Women seen by women street photographers, @womeninstreet gallery curated by Michelle Rick
Guest Curator: Michelle Rick
Guest Curator: Michelle Rick
Please tell us a little of your background, and how you came to photography.
I am Brazilian, 31 years old and I live in São Paulo.
I decided to work with photography in 2013. Before that I had a formal job in an office, but it was never what I wanted to do, so I began to reflect on the hobbies that I liked the most to start as a profession, and from that came photography. I dipped myself into my past and found out that my mother loved to photograph. She is the person who has made most of the images of the family since her youth. I think the love came from there, from seeing my mom up and down with a camera in her hands, always ready to take pictures of meetings, parties, family reunions and trips.
Photographing the streets is even more recent. Three of the last four years I was doing newborn essays, photographing families and women, and it was only in 2016 that I began to develop my personal work. It took me a long time to realize how much I blocked myself, because of all harassment that we women suffer in public spaces. It took a lot of support and debate about our oppressed condition to get rid of some fears and insecurities. Today, the streets are my favorite photo exercise. It’s where I can be myself, explore lights, meet characters and especially develop my view.
You are member of the Mamana Foto Coletivo, please tell us about that, and how and why it was founded.
Mamana Foto Coletivo is a Brazilian female photo collective. It arose in 2016, precisely in the year that I began to explore more street photography. I met a friend, Renata, and we started discussing how much we, as women, are too little encouraged to be photojournalists or street photographers. From this debate came the need to get organized, to meet more women and find these photographers, so we can get together and take this space that has historically been denied us.
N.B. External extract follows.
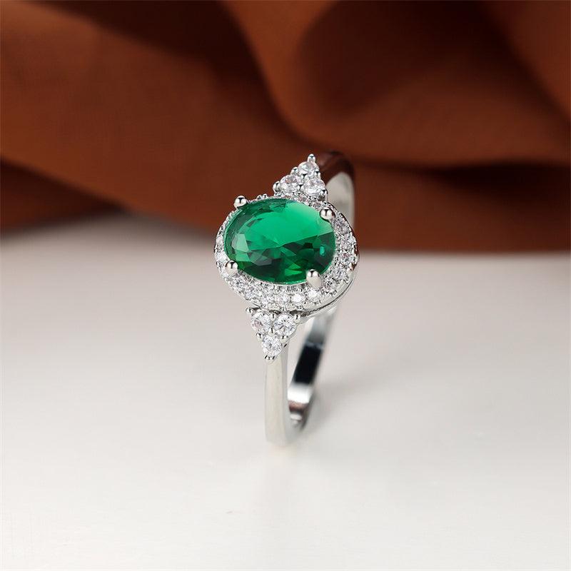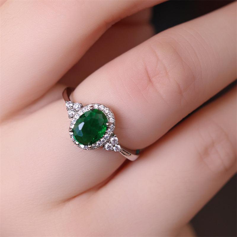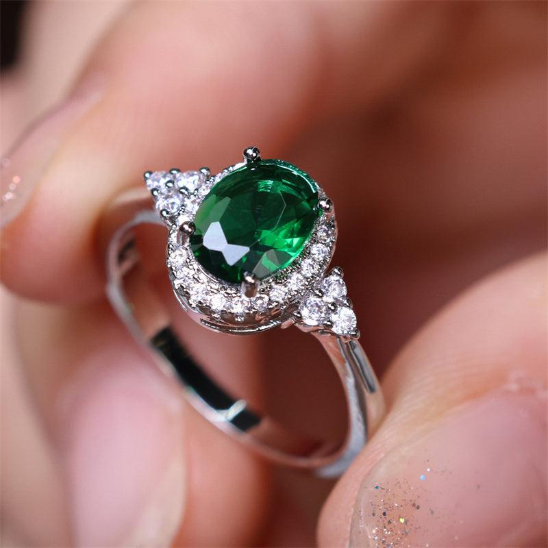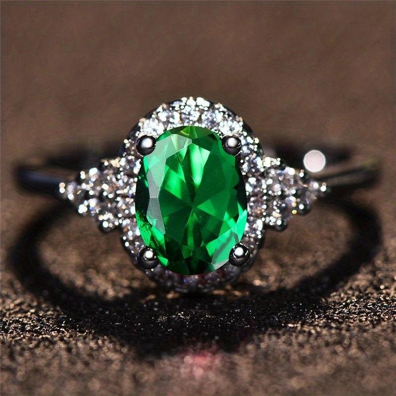 Make a statement with this stunning silvery oval cut green stone ring adorned with CZ claws. Perfect for Valentine's, engagements, and special occasions.

From the first moment we got out on the streets, we suffered from harassment. As if society said “Go back home, this is not your place!” That’s part of the sexist culture in which we’ve been raised. Woman has always been kept in private space, and man has always been given the privilege of being on streets. With photography this is no different, so much so that women do not even think about being photojournalists, covering wars, protests, or walking on the streets with a camera around their necks, photographing strangers.
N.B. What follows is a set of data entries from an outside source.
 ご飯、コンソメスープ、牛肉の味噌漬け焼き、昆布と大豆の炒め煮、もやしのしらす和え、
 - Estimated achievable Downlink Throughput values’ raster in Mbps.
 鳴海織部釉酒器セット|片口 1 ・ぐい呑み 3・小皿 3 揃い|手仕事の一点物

This is the context that Mamana promotes. We look for, encourage, and publish the work of women photographing on the streets. We want to connect them, so that they become empowered and occupy these spaces.
Today we are seven photographers — in São Paulo: Renata Armelin, Bruna Custódio, Gabriela Biló, and myself; in Brasília: Janine Moraes and Jacqueline Lisboa; in Rio de Janeiro: Tita Barros — and more than twenty collaborators spread throughout Brazil.
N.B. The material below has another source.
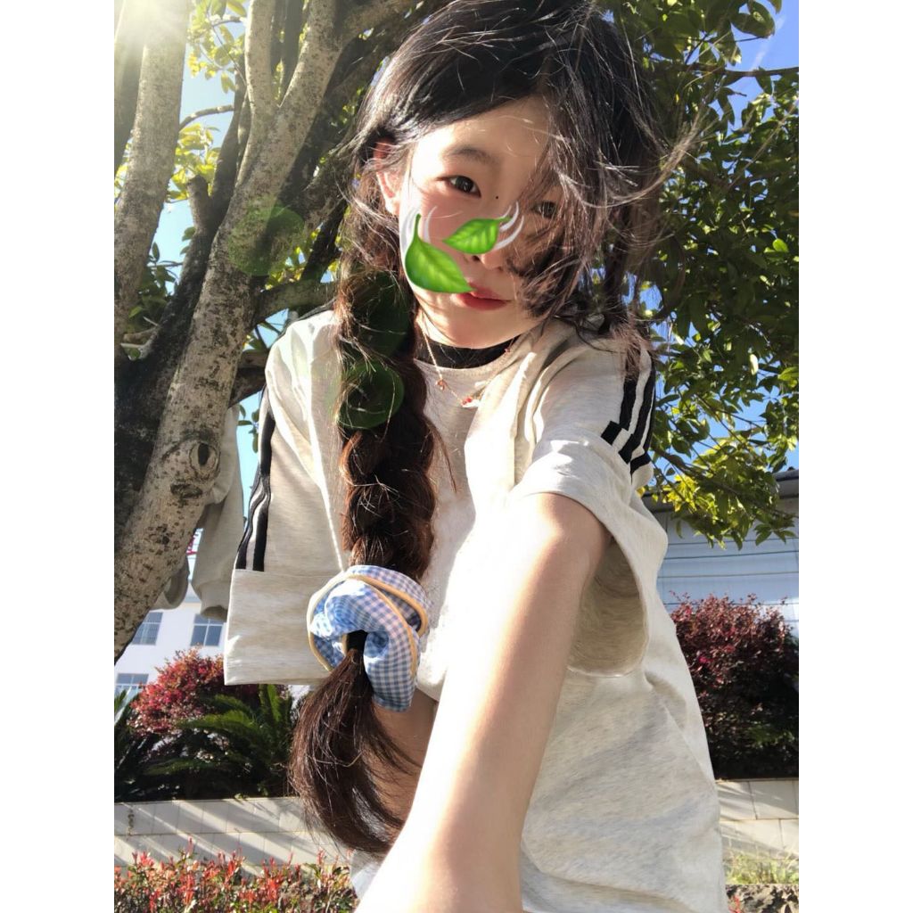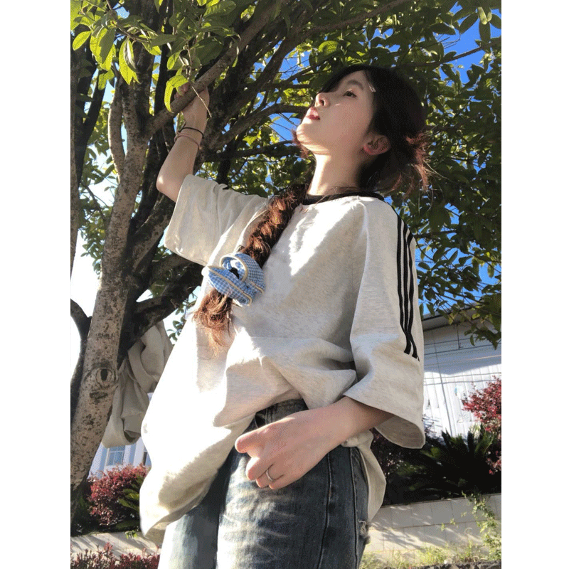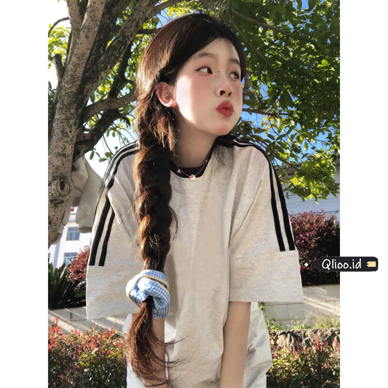 korean Style Atasan wanita / kaos katun lengan pendek tiga garis/Crop top oversize Wanita

Our goal is to be able to have presence in even more Brazilian states, and even to make connections with female photographers all around the world.
Please tell us a little background about yourself, and how you came to photography.
I was born in Johannesburg, South Africa, and grew up in what can be most simply described as a spiritually focused commune made up of ex-hippies (transitioned into the 80’s as “conscious yuppies.”) My mother was born in Egypt, and emigrated to South Africa as a child. My father is American, of Russian and Polish descent. I was always surrounded by a wide diversity of experiences, views and relationships. I existed in a very liberal, safe place that was tucked inside the larger environment of a very segregated and violent Apartheid South Africa in the 80’s, then a blossoming and hopeful, but still violent country in the 90’s.
At 22 I headed to the US. I never intended to stay more than a couple years, but I got sucked in to New York as people do, the sense of freedom and potential so irresistible, the diversity of the city both so familiar and so different from what I was used to.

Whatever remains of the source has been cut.